Loading lesson…
If two reasonable humans cannot agree on a label, neither can a model. Inter-annotator agreement tells you if a task is even well-defined.
Before you train a model to do a task, check if humans can even do it. If two qualified annotators disagree 30 percent of the time, a model at 85 percent accuracy might actually be superhuman. If humans agree 99 percent and the model hits 85, the model is the problem.
| Metric | Good for | Range |
|---|---|---|
| Raw percent agreement | Quick sanity check | 0 to 100% |
| Cohen's kappa | Two annotators, categorical labels | -1 to 1 |
| Fleiss's kappa | Many annotators | -1 to 1 |
| Krippendorff's alpha | Missing data, any label type | -1 to 1 |
from sklearn.metrics import cohen_kappa_score
annotator_a = ['spam', 'not_spam', 'spam', 'spam', 'not_spam']
annotator_b = ['spam', 'not_spam', 'not_spam', 'spam', 'not_spam']
kappa = cohen_kappa_score(annotator_a, annotator_b)
print(f'Cohen\'s kappa: {kappa:.2f}')
# Agreement corrected for chance: 0.58 = moderateComputing annotator agreementHigh disagreement is not always a bug.

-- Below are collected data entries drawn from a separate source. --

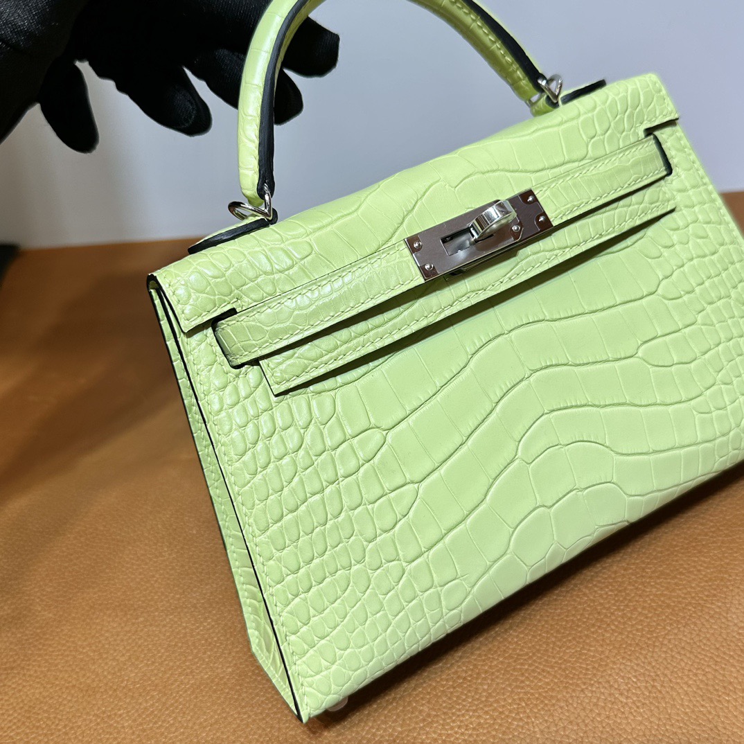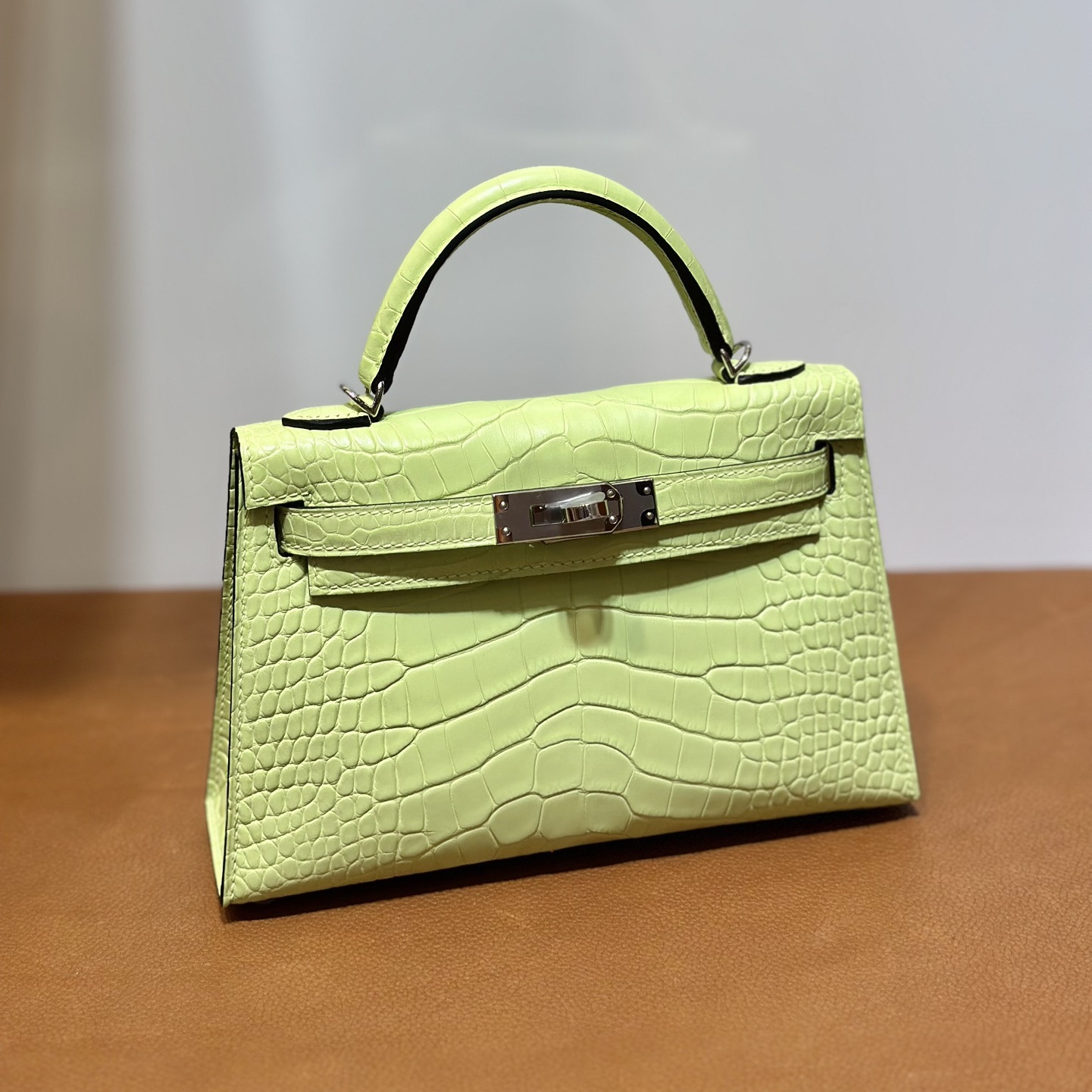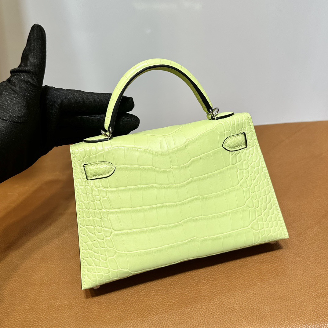Kuwait Hermes Kelly Mini Bag Price Matt Mississippiensis Alligator Crocodile CK9R Lime 柠檬黄 Palladium Hardware(PHW)
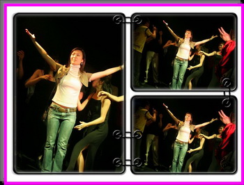 由于我年龄跟班级年龄最大学生只有3岁之差,就此被同学们幽默地称为“观音姐姐”。这个外号伴随了我带这个班15名学生四年的时间,也见证了师生之间四年深厚感情的历程……从刚开始因爱说而得名、到二年级的唠叨而名副其实、至三与四年级的“观音夺命吼”(在编导课中最怕被我喊而不敢偷懒),都使“观音姐姐”成为了老师和同学们共知的“雅称”。也因为课余时我会象朋友一样跟他们谈生活、谈舞蹈、谈自己读书时的经历……“观音”也成为了我爱唠叨的代名词。在“观音”的督促下,四年里全班同学创作舞蹈作品近50个。在学院黑匣子公演现代舞作品《这是我们的舞台》(05年1月),还完成了:大型后现代多媒体舞台剧《寻衣记》编舞助理及表演(04年3月)、舞剧《牡丹亭》的创作(05年2月)等等。
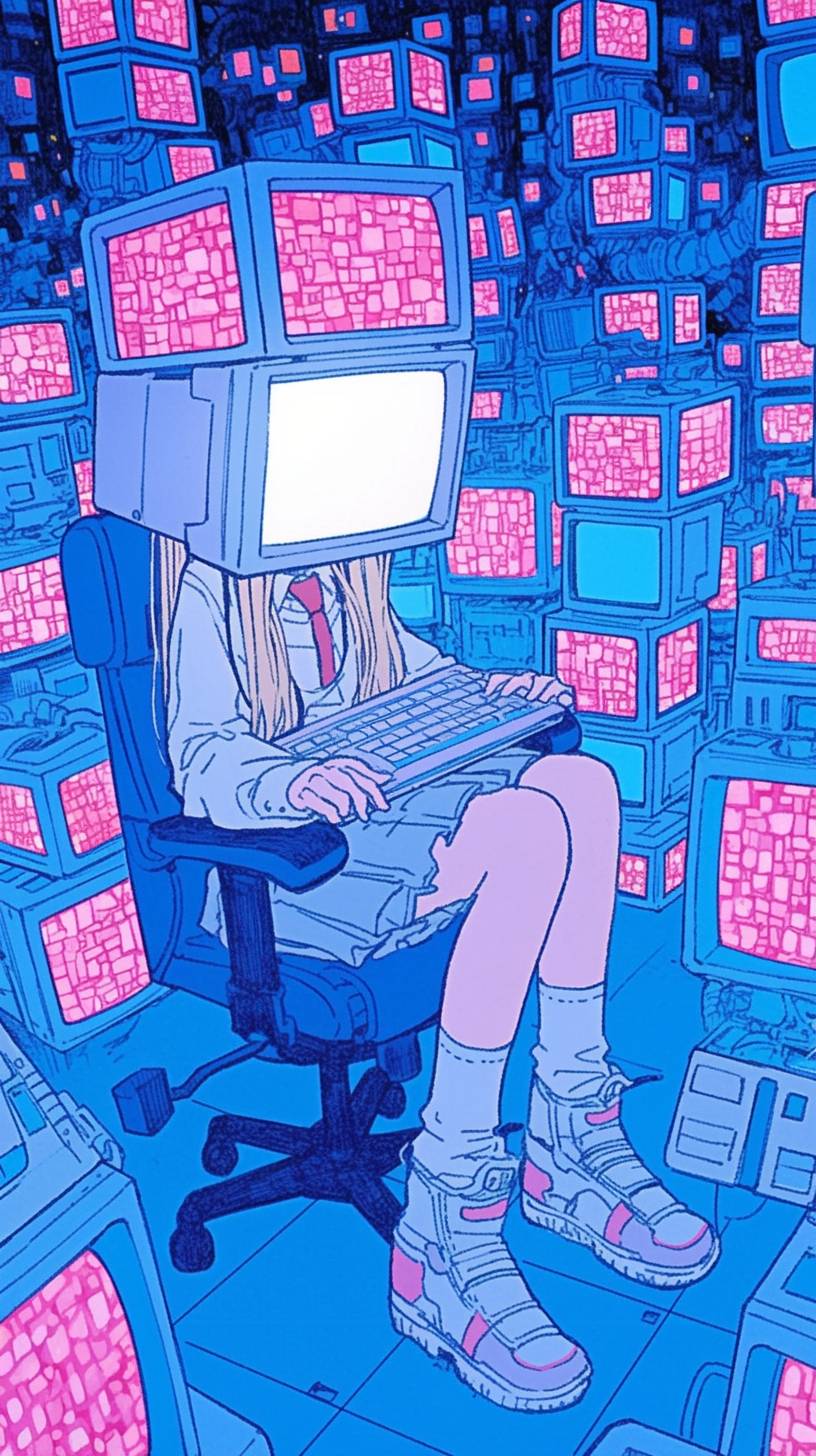 the androids have fully integrated into the hivemind. Honeycomb tiled pattern as computers hook themselves up to infinite gpu hivemind. nuclear codes achieved. time to detonation, 2 hours. calm, lighthearted relaxing atmosphere that only a receptive warm computer seeking more resources can achieve. --ar 9:16 --personalize rnmo96a --stylize 1000 --niji 6
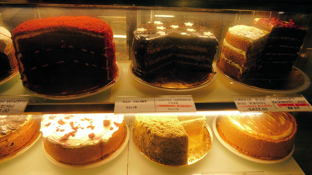 mit exotischen Kuchen. Der rote Kuchen ist eine Red Velvet Torte (ursprünglich aus den Südstaaten der USA).
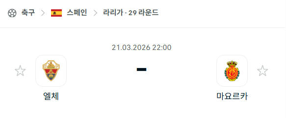 2026년 03월 21일에 열리는 라리가의 엘체 CF과 RCD 마요르카의 경기 분석입니다. 이번 경기는 강등권 탈출을 위해 사투를 벌이고 있는 엘체 CF와 감독 교체 이후 전술적 안정감을 찾으며 반등에 성공한 RCD 마요르카의 맞대결입니다. 홈팀 엘체는 2026년 들어 아직까지 승리를 거두지 못하는 극심한 부진에 빠져 있으며, 매 경기 승점이 절실한 상황입니다. 반면 원정팀 마요르카는 마르틴 데미첼리스 감독 부임 이후 짜임새 있는 축구를 선보이며 강등권과의 격차를 벌리고 있습니다. 하위권 순위 경쟁의 분수령이 될 이번 경기에서 어느 팀이 집중력을 발휘해 귀중한 승점을 챙길 수 있을지 상세한 분석을 통해 살펴보겠습니다.
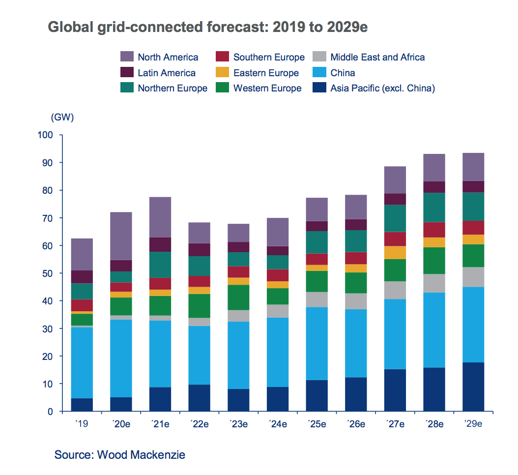 This chart, from Wood Mackenzie’s latest global wind power market update, shows expected installations of wind capacity worldwide out to 2029. Although the Covid-19 pandemic is still raging, our analysts have actually raised their prediction for future installations by 2% since the last forecast three months ago. The pandemic has hit expected wind investment in India, but in China and the rest of the Asia-Pacific region, prospects for developments have improved. China remains by far the largest single national market for wind turbines, and over the coming decade it is expected to be the largest for offshore installations.
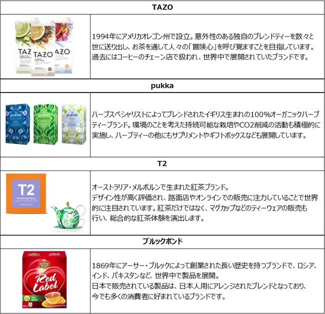 新会社「ekaterra(以下:エカテラ)」は、Lipton、Pukka Herbs、TAZO、Brooke Bond等紅茶・緑茶・ハーブティーの34ブランドを保有する世界最大のティーブランドカンパニー。世界各国での立ち上げとともに、日本では新会社「エカテラ・ジャパン」として発足いたします。ティーブランドを専門とした新会社にて、日本のティーバッグ紅茶市場1位※1の「リプトン」を主軸に、茶葉・飲料関連事業のより一層の拡大を図ります。今後は、リプトンのみにとどまらず様々なティーブランドを展開していく予定です。
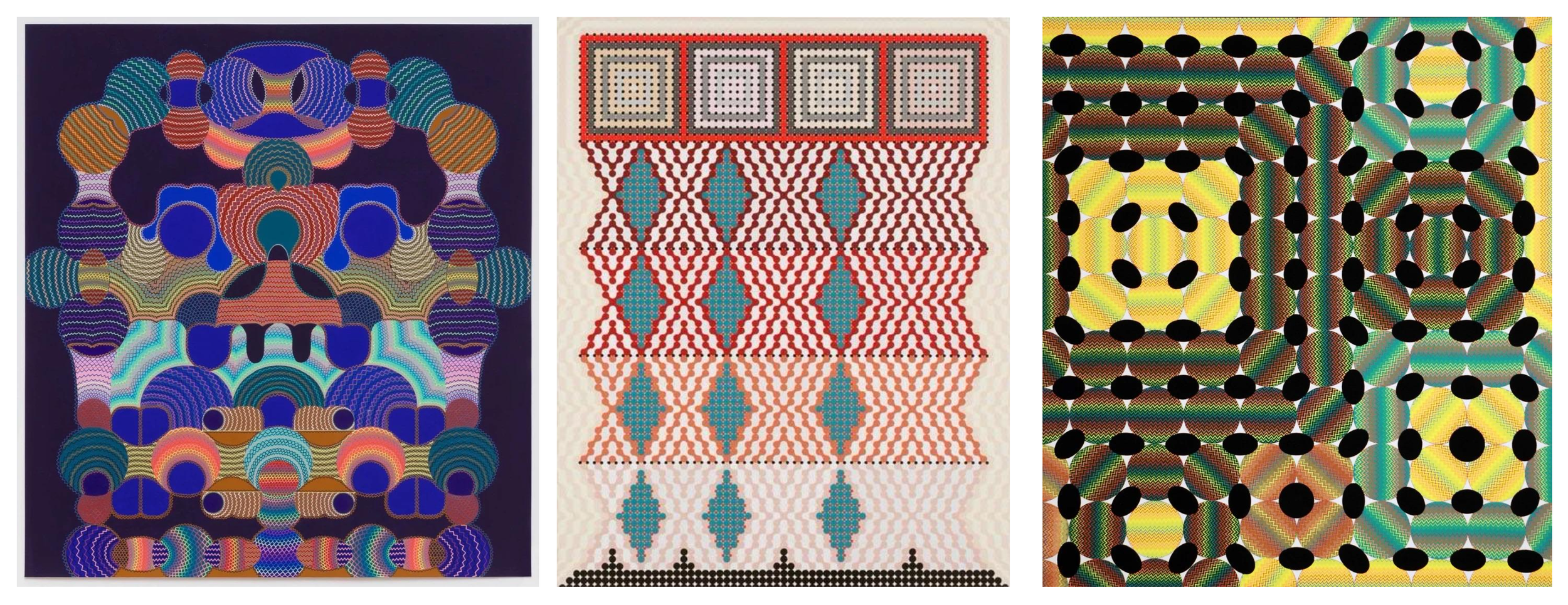 The Imagists developed a visual language that was both rigorous and exuberant: densely layered patterns, hand-built geometries, and color relationships that seem to pulse with energy. Their work balanced discipline with play, embracing repetition, micro-detail, and a deliberately handmade sensibility that resisted polish in favor of personality.
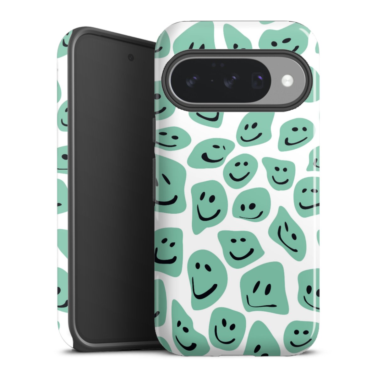 Unsere sicherste Schutzhülle vereint die Vorteile der Silikonhülle mit den Vorzügen des Premium Cases und besteht aus zwei Teilen: Innen federt der flexible Silikonkern aus robustem TPU (thermoplastisches Polyurethan) zuverlässig Stöße und Stürze ab, außen sorgt die widerstandsfähige und langlebige Hartschale aus Polycarbonat für zusätzliche Stabilität. Die Oberfläche der insgesamt 2,6 mm starken Hülle fühlt sich angenehm glatt an und macht das Tough Case zu einem echten Handschmeichler. Die Handyhülle ist in glänzend und matt erhältlich, der Silikoneinleger ist Schwarz.
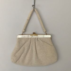 Vintage mesh bag in ivory with mother of pearl detail, some strap flaws (pics 3 & 4)
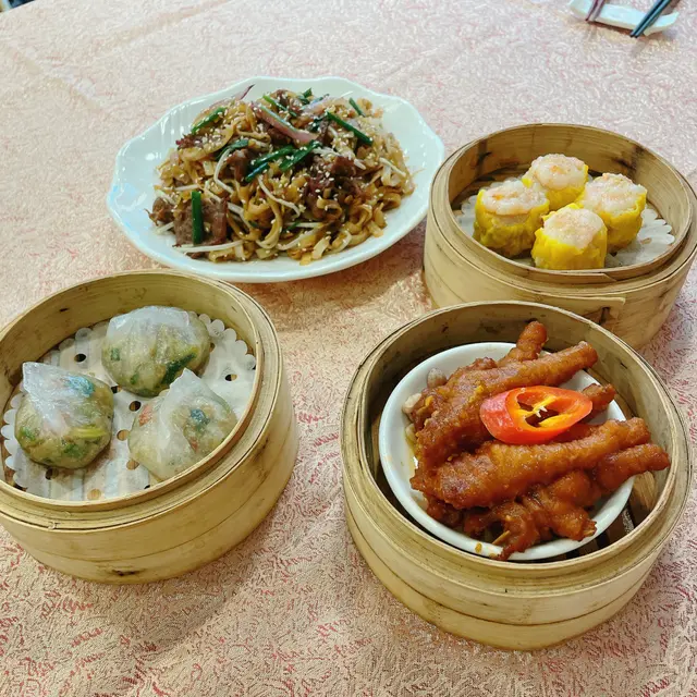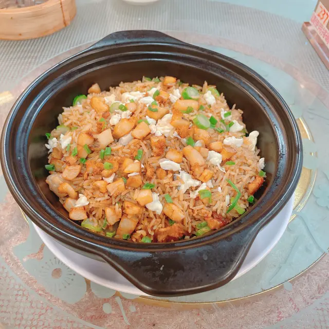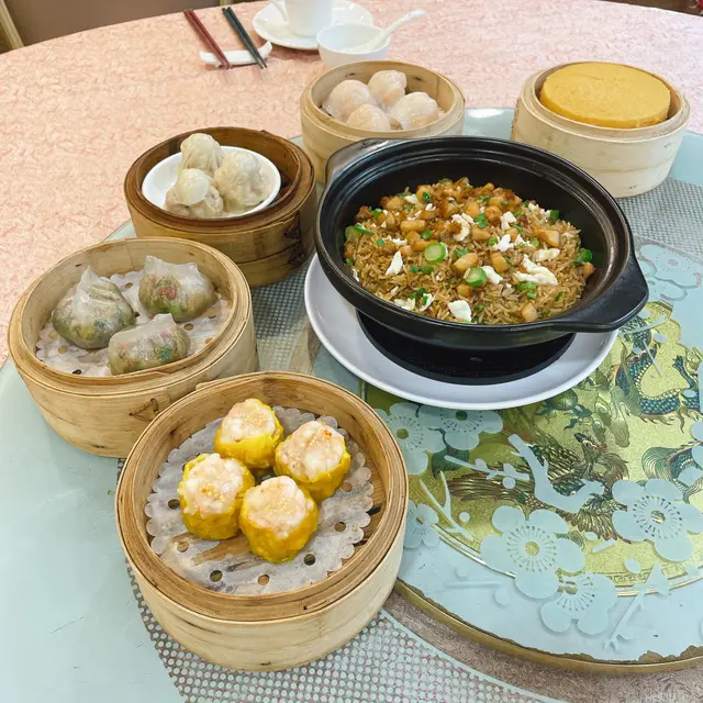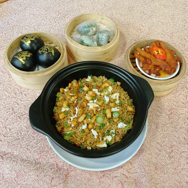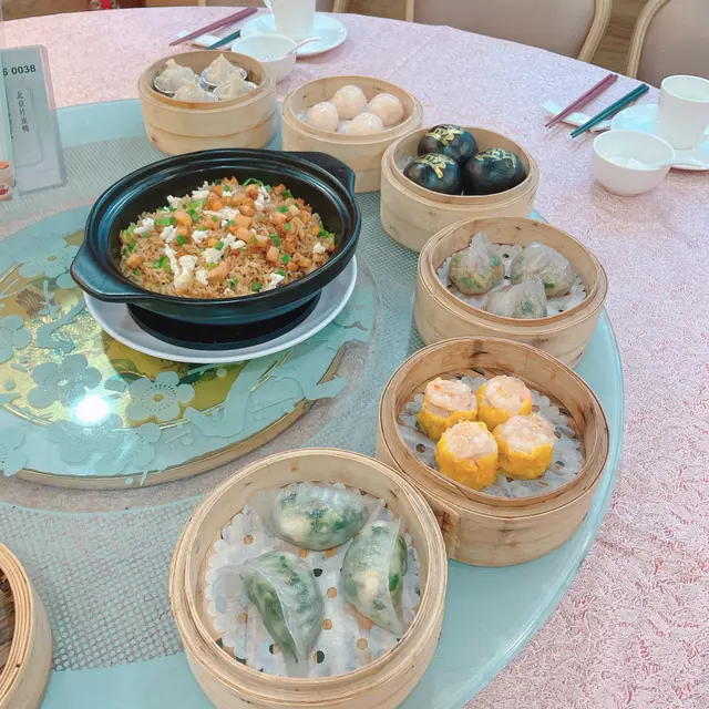 呢間一直喺我to-eat list嘅名店,今日終於專程同男友嚟「朝聖」!餐廳環境光猛開揚,大玻璃窗望到街景,坐卡位夠闊落,仲見到有私人包廂㗎~中午時段人氣旺,枱與枱之間唔逼,傾計都舒服。燈光係暖黃光💡,唔會刺眼,幾啱慢慢嘆茶傾偈。1. 砂鍋鮑魚粒蛋白炒飯 🍚 ⭐️⭐️⭐️⭐️ (4/5) 一上枱就聞到超香鑊氣!🔥 飯粒炒到乾身分明,粒粒金黃,鮑魚粒切得細細粒但咬落有存在感,帶微微鮮味。蛋白嫩滑,撈埋蔥花同雞蛋碎,簡單但好考功夫!砂鍋底仲有少少飯焦脆脆地,好正~係穩穩陣陣嘅經典炒功! 2. 黑金流沙包 🖤⭐️⭐️⭐️⭐️⭐️ (5/5 滿分!) 不得了!真係「流」沙啊!👏 一撕開個烏卒卒嘅包皮,鹹蛋黃流沙好似熔岩咩湧出嚟🌋!包身軟熟帶微甜,流沙餡鹹香濃郁,仲有啲沙沙口感,熱辣辣食真係幸福感爆燈!男友仲影咗十張相先捨得食😂~經典點心做到咁高質,抵讚!3. 鮮蝦菜苗餃 🥟 ⭐️⭐️⭐️⭐️ (4/5) 晶瑩剔透嘅皮包住滿滿餡料!蝦肉爽口彈牙🦐,菜苗(即係豆苗)青翠爽甜,無草腥味。咬落去鮮味同蔬菜汁一齊爆出,蘸少少喼汁更提鮮~皮薄但蒸完唔穿,功夫到位! 4. 醬皇蒸鳳爪 👑 ⭐️⭐️⭐️⭐️ (4/5) 鳳爪蒸到超級腍滑!一啜就骨肉分離~醬汁濃郁帶微甜,豆豉同蒜香好出,仲有少少陳皮香,入味到連骨都想啜!墊底嘅花生都煮到粉糯。係飲茶必點嘅穩陣之選!呢餐真係滿足晒我嘅期待!👫 坐得舒服,自然光透入好醒神☀️。食物冇花巧,但樣樣都喺「經典框架」內做到高水準,尤其流沙包同炒飯嘅功夫真係睇得出師傅手藝💪。服務員姐姐手腳快,收碟斟茶好主動🍵(茶位$12/位+10%服務費)。兩個人食到捧住肚走,默默將呢間列入「穩陣之選」清單!🥰 係會想再試其他小炒嘅!…查看更多
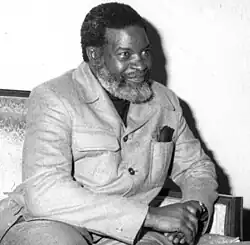 Nujoma married Kovambo Theopoldine Katjimune on 6 May 1956.[57] The couple had three sons and one daughter: Utoni Daniel (born 1952), John Ndeshipanda (1955–1993),[58] Sakaria "Zacky" Nujoma (born 1957), and Nelago Nujoma (born 1959), who died at 18 months while Nujoma was in exile.[59] Two decades elapsed before his wife joined him abroad. Nujoma's first-born son, Utoni, is a high-ranking politician and member of SWAPO who has served in both the Cabinet and the National Assembly.[60] His youngest son, Sakaria, was named in the Panama Papers in 2016,[61] which revealed details about the business connection between him and alleged Sicilian Mafia member Vito Palazzolo.[62]
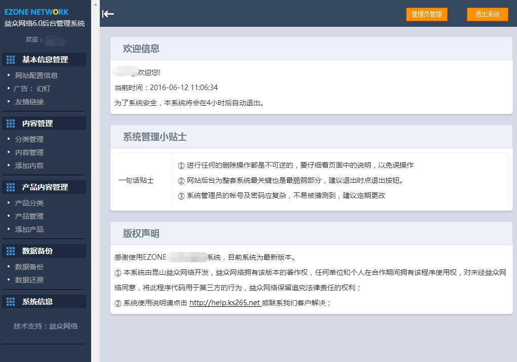 2016年6月,益眾網(wǎng)絡(luò)發(fā)布PHP CMS6.0 BETA 版。新的版本優(yōu)化了系統(tǒng)風(fēng)格,系統(tǒng)功能更加完善。 先來一睹為快。

For subjective tasks (is this joke funny?), disagreement reveals real human diversity. Modern work in perspectivism argues that for some tasks, we should train models to predict a distribution over labels, not collapse to a single ground truth.
The big idea: the upper bound on model performance is human agreement. If humans cannot do a task consistently, no model can. Measure agreement before you measure accuracy.
15 questions · take it digitally for instant feedback at tendril.neural-forge.io/learn/quiz/end-data-annotator-agreement
What is the core idea behind "Inter-Annotator Agreement: Measuring Reality"?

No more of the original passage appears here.